▶ [RECORDS FOR THE TASK]

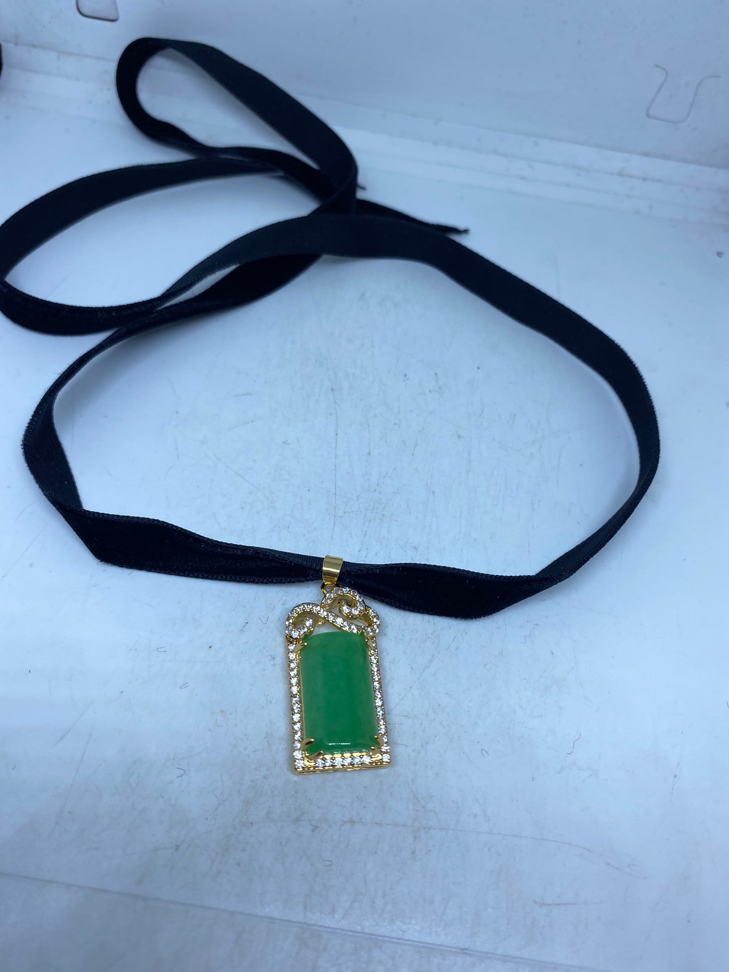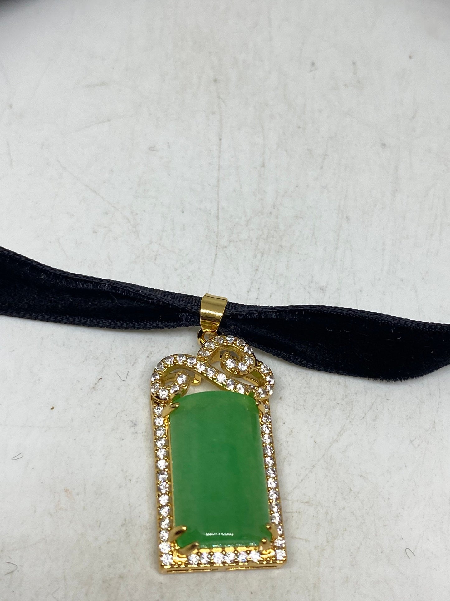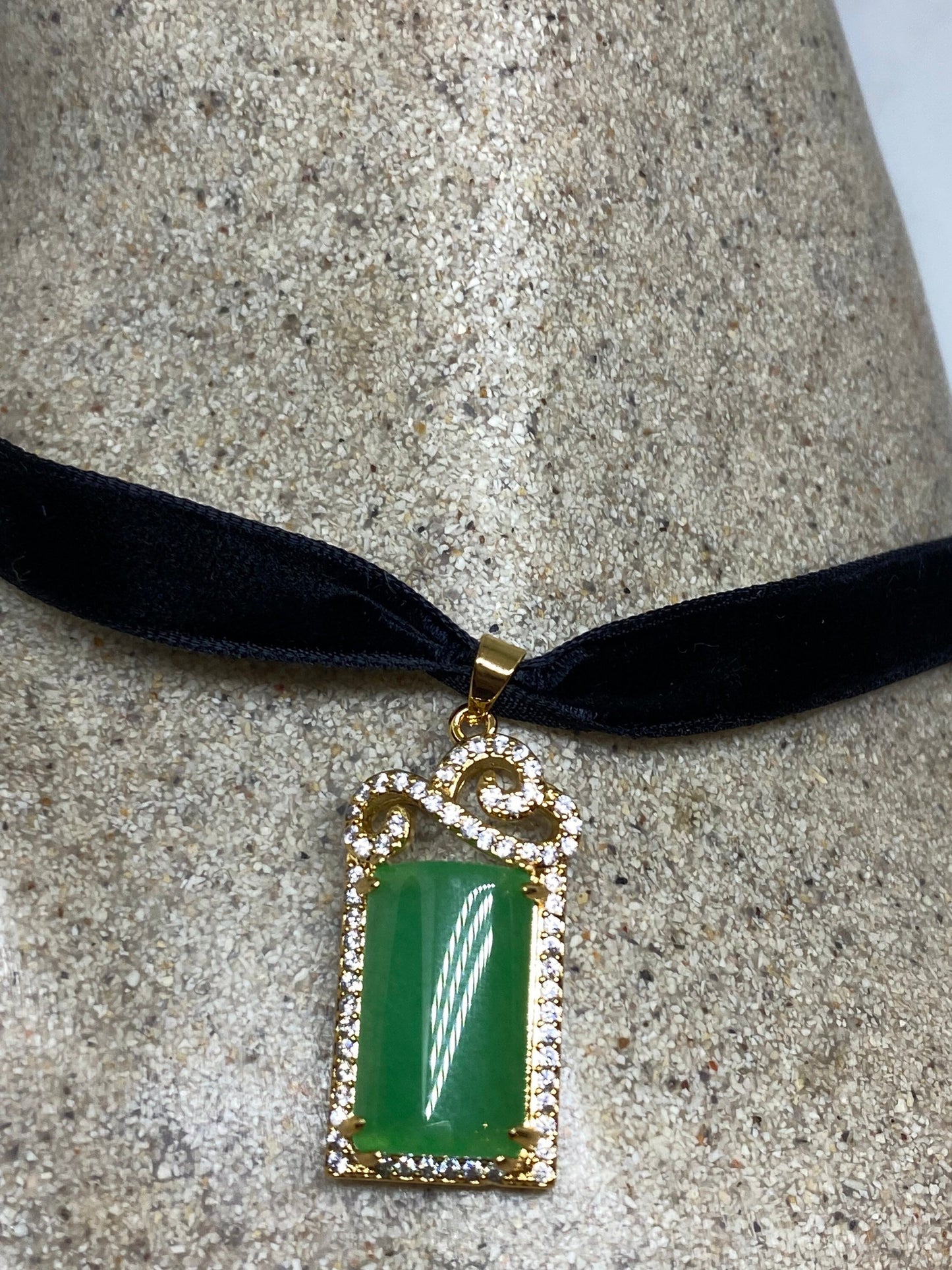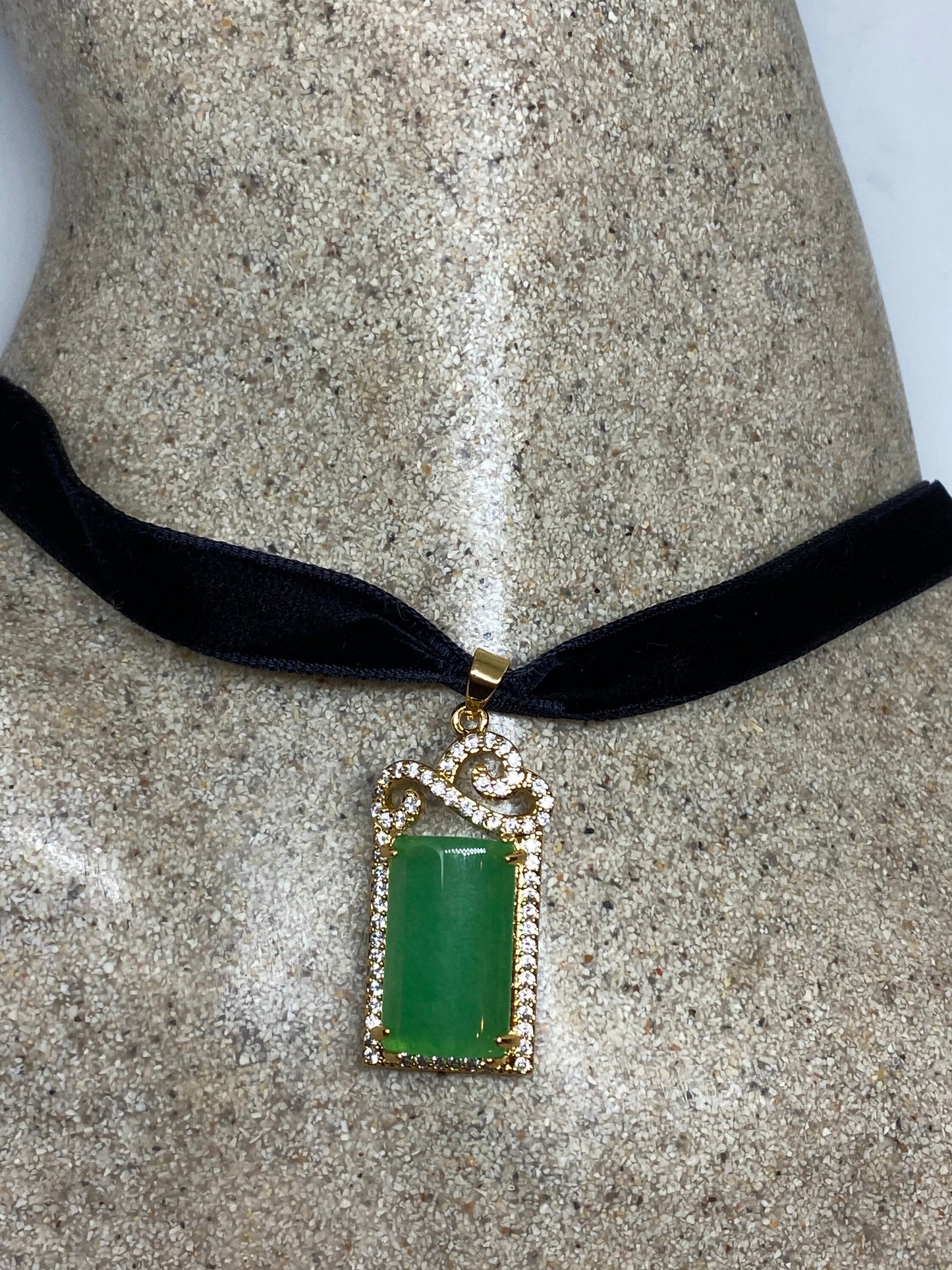 Vintage Green Jade Choker Gold Finish necklace pendant
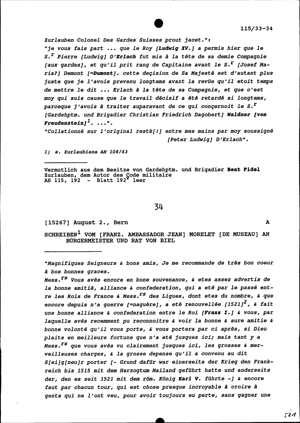 Schreiben von Jean Morelet de Museau, Ambassador von Frankreich, an Bürgermeister und Rat von Biel
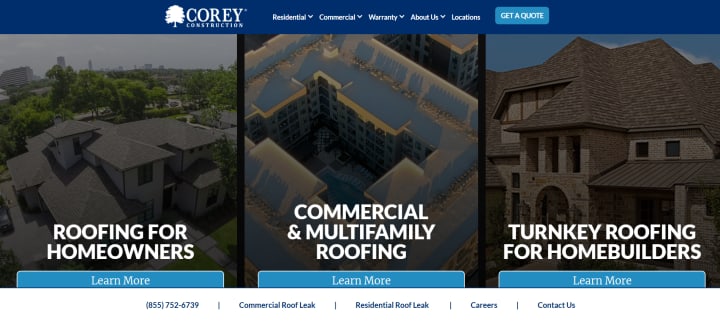 Corey Construction is a Houston-based roofing provider known for its quality craftsmanship and thorough inspections. Specializing in residential and commercial roofing, they have a strong focus on customer satisfaction, making them a reliable option for Houstonians seeking long-lasting roofing solutions.
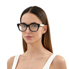 Black/White (002) Eyeglasses (GG0999O 002 52) by Gucci™. Size: 52-17-145, Shape: Cat-Eye, Material: Acetate.
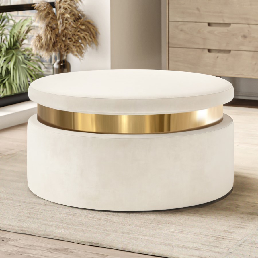 Use your storage pouffe as a footstool or stool in any living area, or even as a feature in your dressing room. The gold plinth brings the piece together and conceals the fastening. Simply lift the lid to reveal the storage compartment.
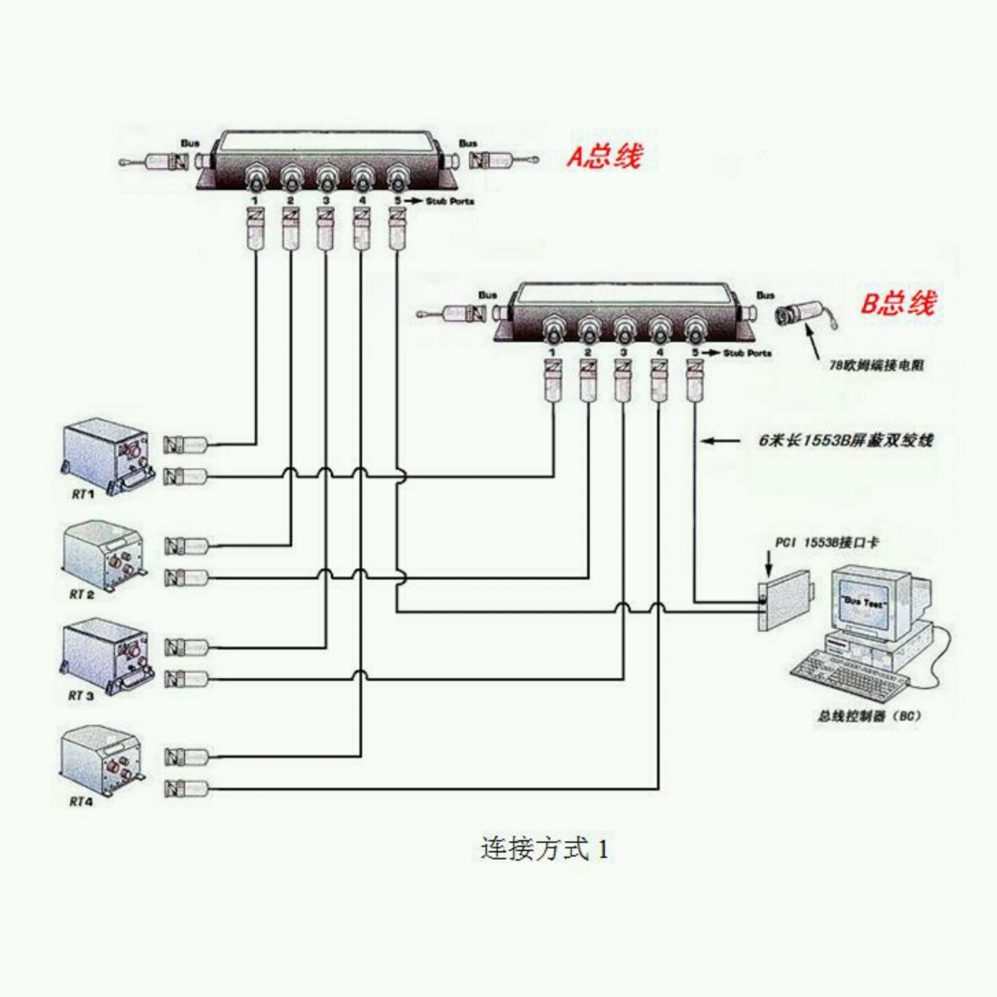 总线采用多冗余度总线型拓扑结构。支持双向传输,半双工,电平电压为18~27V(采用耦合器的情况下),传输速率为1Mbps,编码采用曼彻斯特II编码(0→1为0,1→0为1)。整个总线采用了很多射频组件,比如耦合器(ESI-40),连接器(PL75-47)以及端接组件(TNG1-4-78),同时采用了隔离变压器。采用隔离变压器有如下好处:

▶ [EXERCISE DESCRIPTION] Begin at the first line of the material and copy each line exactly through the one containing "Corey Construction is". Omit pictures.

▶ [YOUR RESPONSE]
 Vintage Green Jade Choker Gold Finish necklace pendant
 Schreiben von Jean Morelet de Museau, Ambassador von Frankreich, an Bürgermeister und Rat von Biel
 Corey Construction is a Houston-based roofing provider known for its quality craftsmanship and thorough inspections. Specializing in residential and commercial roofing, they have a strong focus on customer satisfaction, making them a reliable option for Houstonians seeking long-lasting roofing solutions.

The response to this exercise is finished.